To reflect each stage of the backend agent in the UI, define how stage info and metadata should be interpreted. You can customize titles and descriptions for each stage. Moreover, the extraInfo can be processed in the backend in the backend to simplify the logic on the frontend.

// event info list
const eventInfo = (data: any) => {
  let titleDetails: string = "";
  let extraInfo;
  // decide the stage
  switch(data.stage) {
    case "finalize_answer":
      titleDetails = "Finalizing the Answers";
      extraInfo = "Composing and presenting the final answer.";
      break;
    case "rag_search":
      const chunks = data.extra_info || [];
      const numChunks = chunks.length;
      titleDetails = "Search Knowledge Base Using RAG";
      extraInfo = `Gathered ${numChunks} chunks from RAG Database.`;
      break;
  }
  return { titleDetails, extraInfo }; 
}; 

Update this function to reflect your agent’s unique stages and metadata.

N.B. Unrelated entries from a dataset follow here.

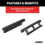 ARIES ActionTrac powered running boards are an innovative step in truck accessories. These electric side steps are unique from other power side steps because they are actually two steps in one. This step-within-a-step design -- combined with a no-drill installation, smart-sensor operation and powder-coated aluminum construction -- truly makes these retractable running boards an asset for the offroad truck or Jeep Wrangler, particularly as lifted truck steps. This door delete kit is intended to be mounted on a Jeep Wrangler with the factory doors removed or replaced with aftermarket doors. It includes two switches that allow the powered steps to be deployed and retracted at the push of a button. NOTE: Use of these switches requires manual operation of the running boards. Failure to retract the boards when operating the vehicle could result in damage to the boards or vehicle.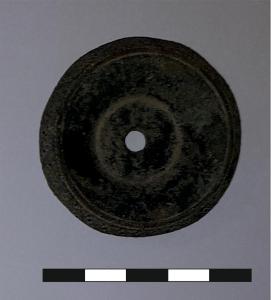 Disco in bronzo di forma circolare forato al centro; probabile elemento di cembalo.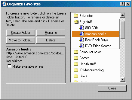 HTML-based, as it was in early betas) Organize Favorites dialog (Figure), which allows you to organize your Web, network, and local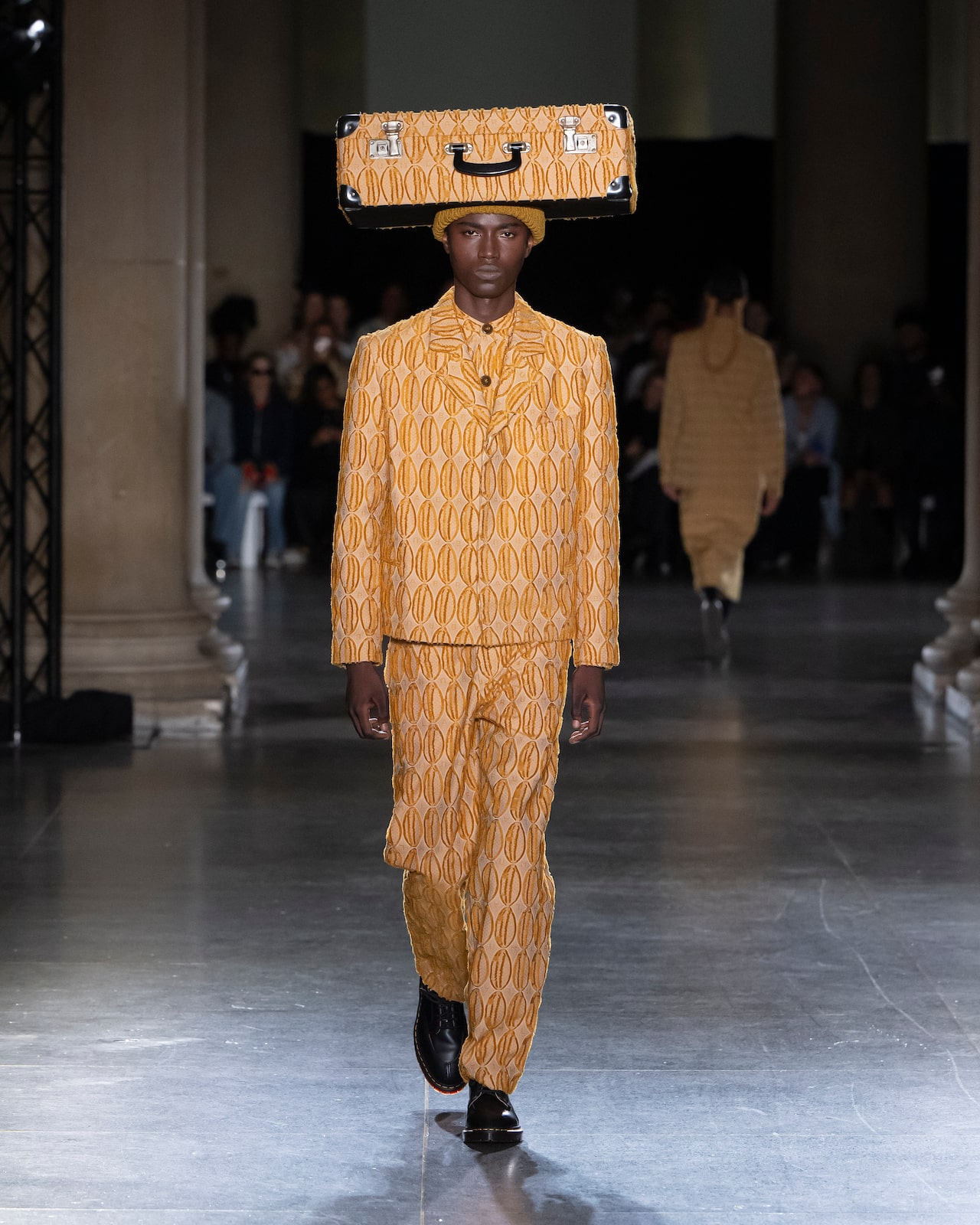 With its own 10th birthday to fete this year, tailoring-centric Labrum London’s founder and creative director Foday Dumbuya thrilled the audience gathered in the Tate Britain gallery. Consistently inspired by tales of cross-cultural movement and the African diaspora, Dumbuya – born in Sierra Leone and partially raised in Cyprus – infused an array of sublime suiting with a sense of storytelling by topping models’ heads with suitcase headwear fashioned by milliner Lucy Barlow. The men’s-wear label, which won the Queen Elizabeth II Award for British Design in 2023, is known for its zesty textiles, and the fall 2024 collection – aptly titled “Journey of Colours” – carried on this narrative through its far-reaching use of hues and a print based on passport pages.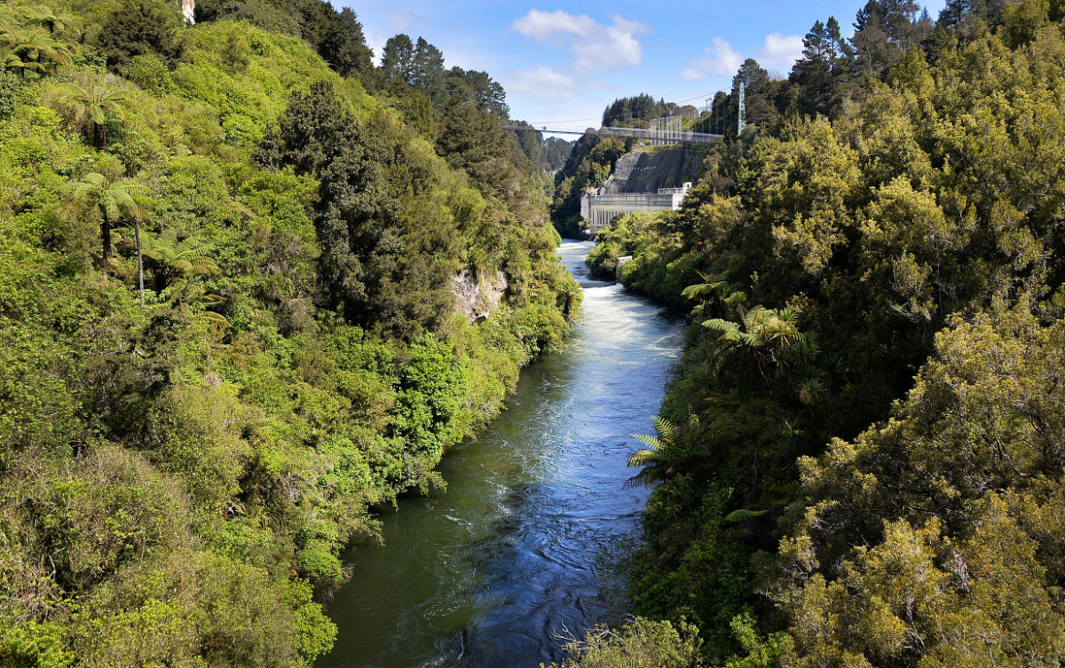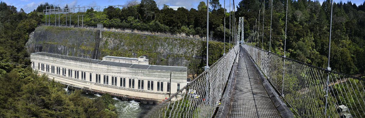 The Swing Bridge was built in the early 1920’s so that workers for the power station could get to work. The power station is the oldest and the largest in capacity and was opened in 1929. It is now under the protection of the Historic Places trust and signs at the site, show the effort that went into protecting it from possible Japanese bomb attack during the war by camouflaging it.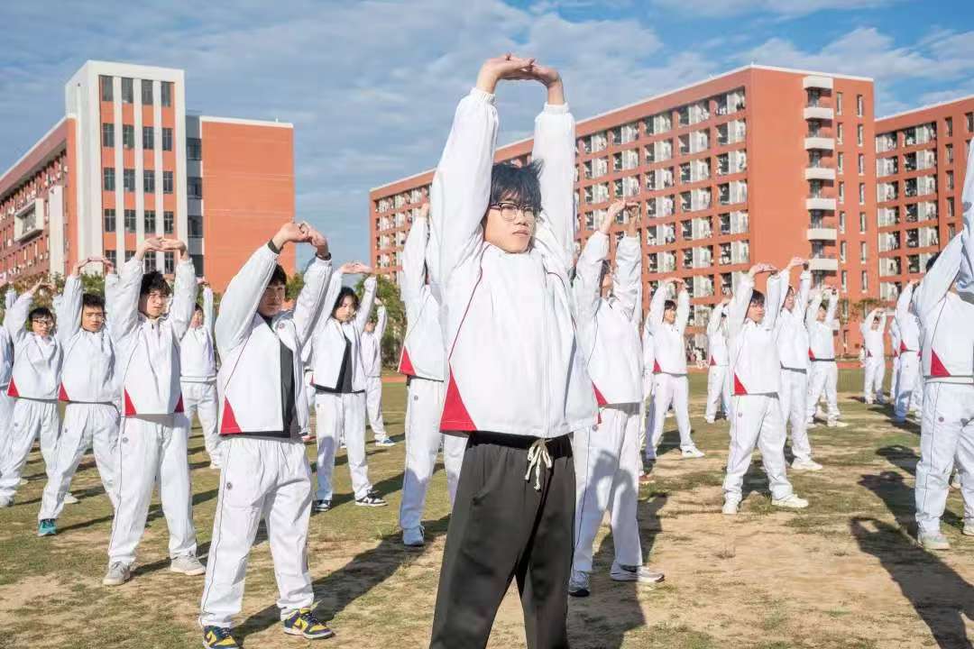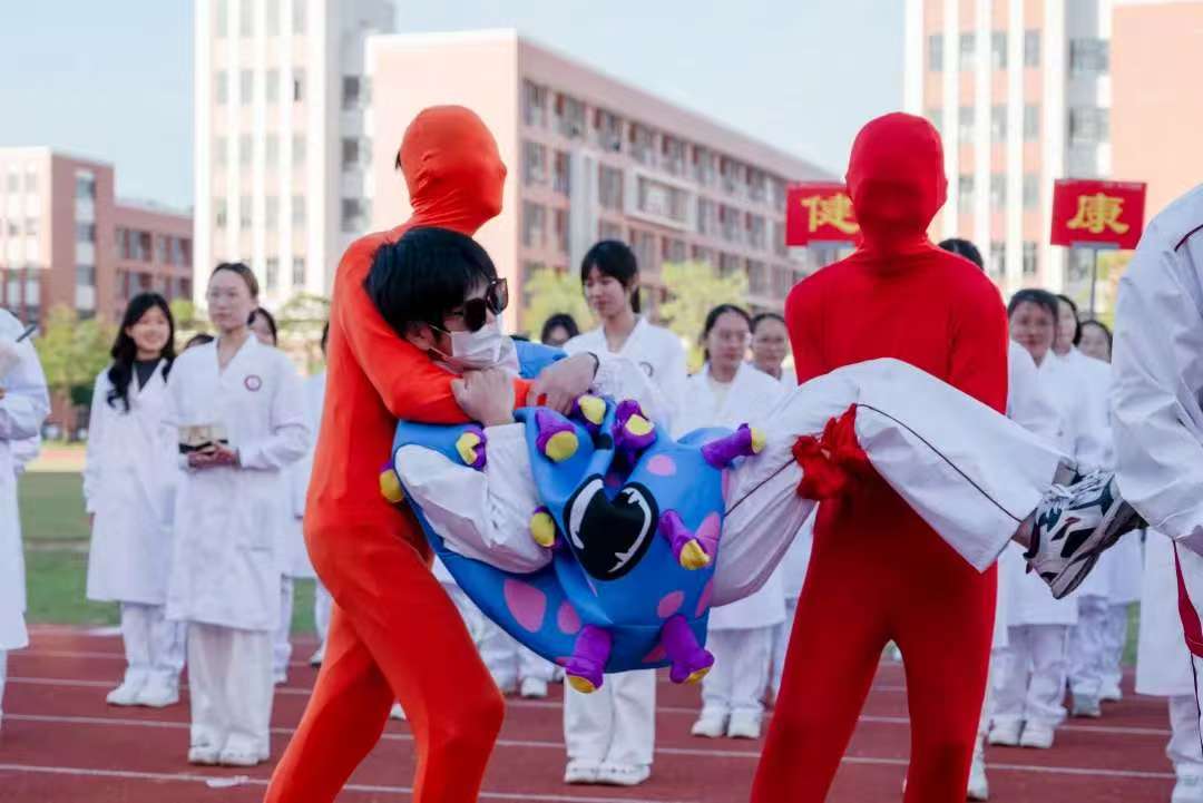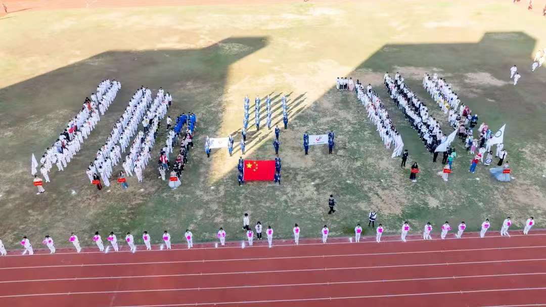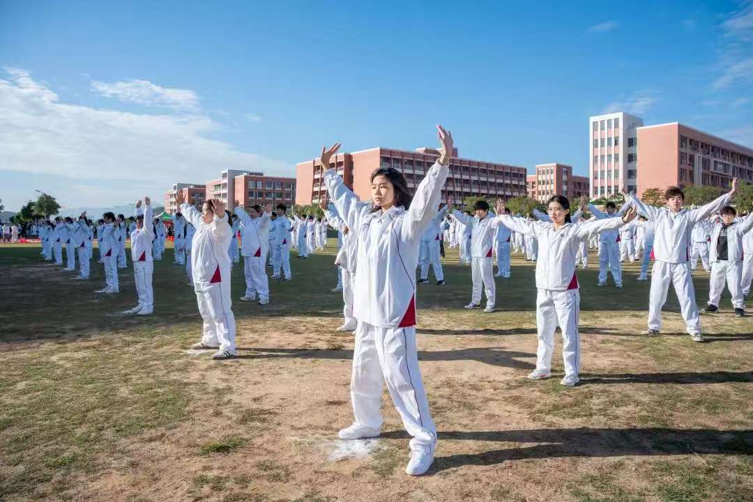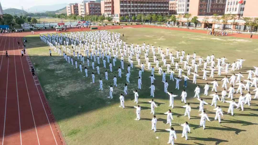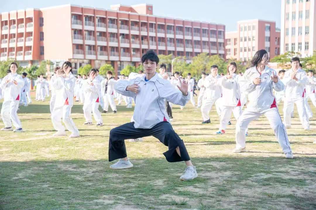 智能制造与汽车学院、建筑与艺术学院、健康医学院的400名学生共同展示了八段锦。他们身着统一的校服,伴随着悠扬的音乐,动作整齐划一,气势恢宏。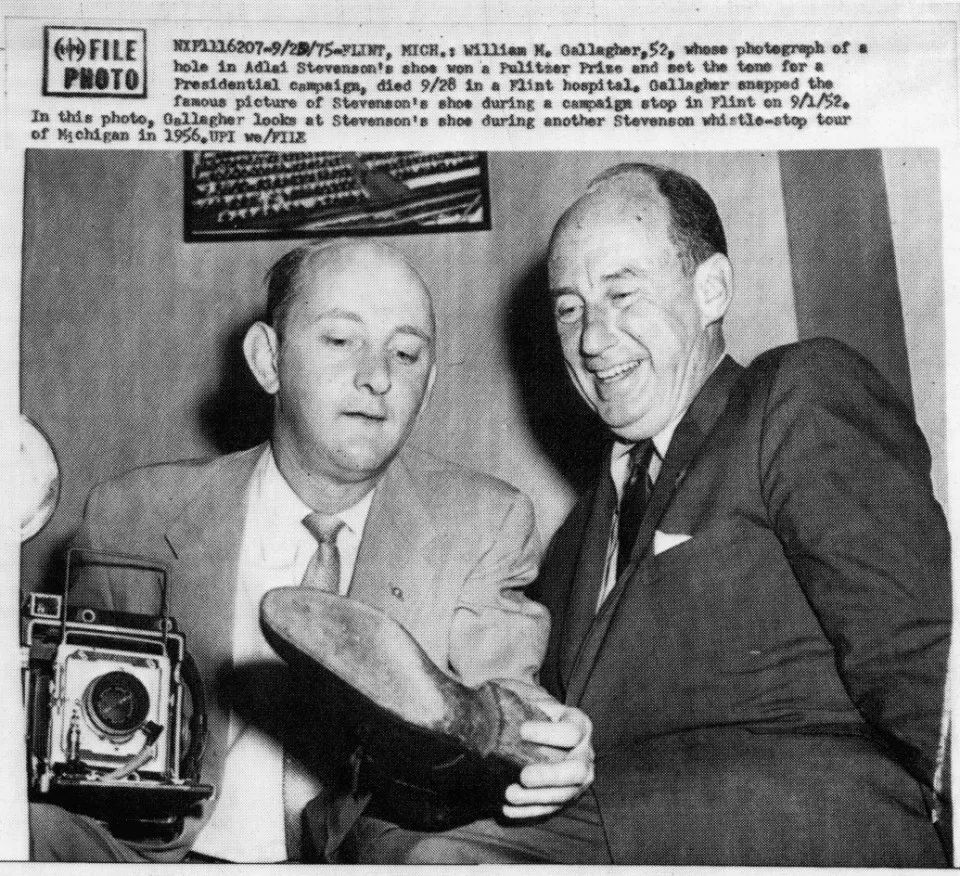 摄影师必须跪在平台的底部才能捕捉到当时的民主党总统候选人 Adlai Stevenson 的这张照片,重点在于突出他右脚鞋上的洞。在作品发布后,Stevenson 也收获到了意想不到的更多支持。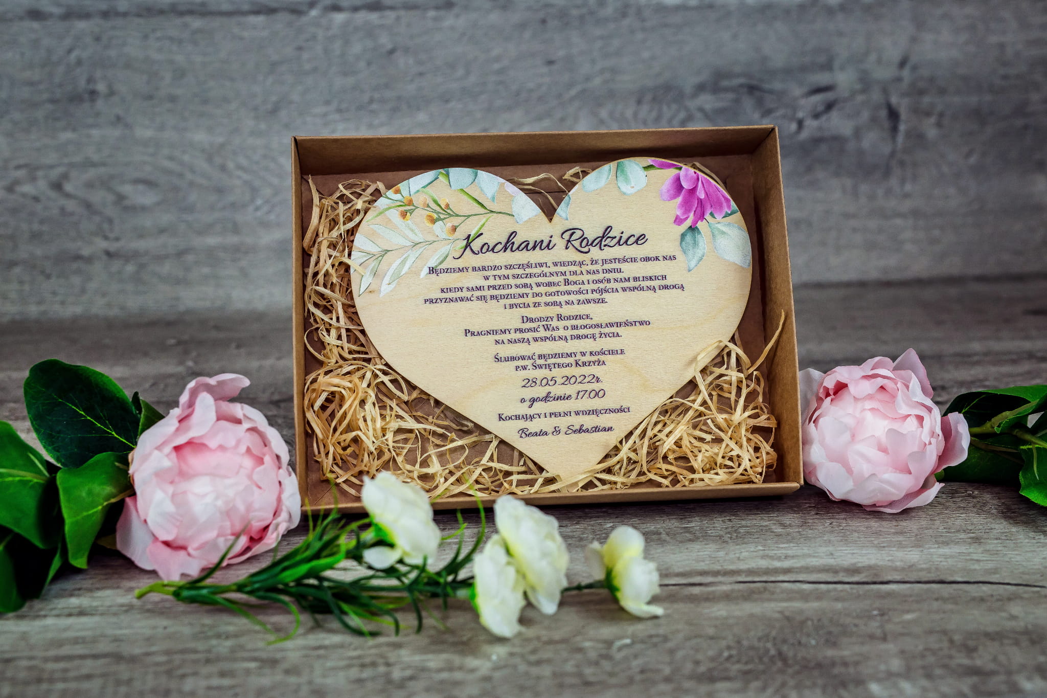 w postaci drewnianego serca z tekstem dedykacyjnym.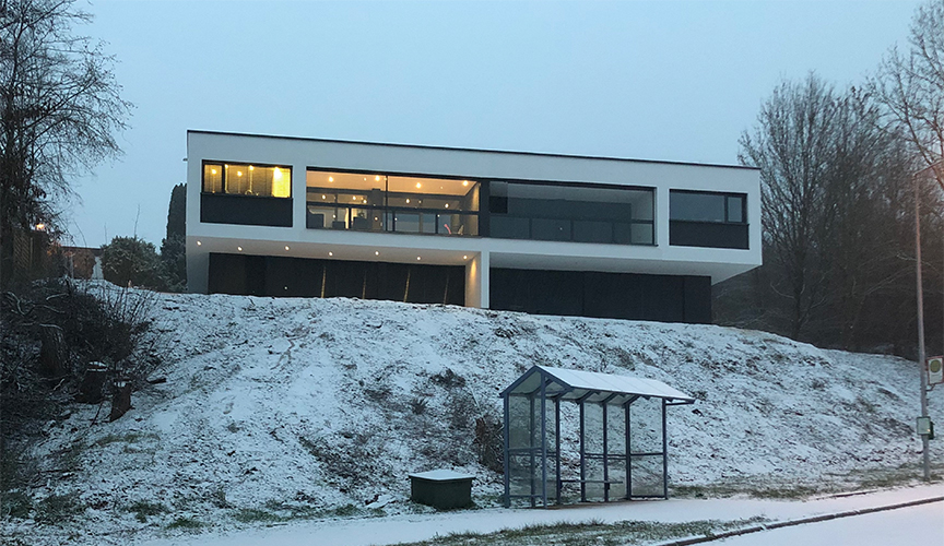 El edificio es una casa adosada invertida. El piso superior forma un dosel, que se utiliza como una cochera. Un volado se proyecta en todas las demás direcciones y proporciona protección contra el sol y la lluvia para las terrazas y el acceso a los apartamentos inferiores.

Assemble the Full Agent Component

Now bring everything together into a complete component:

// build the fields of the agent content
const RAGAgentFields = ({ onReady }) => {
  const { model, setModel, mode, setMode } = ragAgentState();
  useEffect(() => {
    const extraInfo = getQueryExtraInfo({ model, mode });
    const eventInfoFunc = eventInfo;
    const agentURL = "rag_agent/invoke";
    onReady(extraInfo, eventInfoFunc, agentURL);
  }, [ model, mode]);
  return (
    <>
      <div className="flex flex-row gap-2 bg-neutral-700 border-neutral-600 text-neutral-300 focus:ring-neutral-500 rounded-xl rounded-t-sm pl-2  max-w-[100%] sm:max-w-[90%]">
        <div className="flex flex-row items-center text-sm ml-2">
          <Cpu className="h-4 w-4 mr-2" />
          Model
        </div>
        <ModelSelector model={model} setModel={setModel} />
      </div>
      <div className="flex flex-row gap-2 bg-neutral-700 border-neutral-600 text-neutral-300 focus:ring-neutral-500 rounded-xl rounded-t-sm pl-2  max-w-[100%] sm:max-w-[90%]">
        <div className="flex flex-row items-center text-sm ml-2">
          <NotebookTabs className="h-4 w-4 mr-2" />
          Mode
        </div>
        <ModeSelector mode={mode} setMode={setMode} />
      </div>
    </>
  );    
};

// agent registry
export const ragAgentRegistry = () => {
  return {
    Fields: RAGAgentFields,
  };
};

Register the Agent

Lastly, update the AgentRegistry.tsx to include your new agent:

// this is the agent registry
export const agentRegistry = {
  "Gemini Agent": geminiAgentRegistry,
  "RAG Agent": ragAgentRegistry, // add tge agent with its name here
};

Once registered, the agent will be selectable from the UI and ready to handle user queries using its unique interface and backend logic.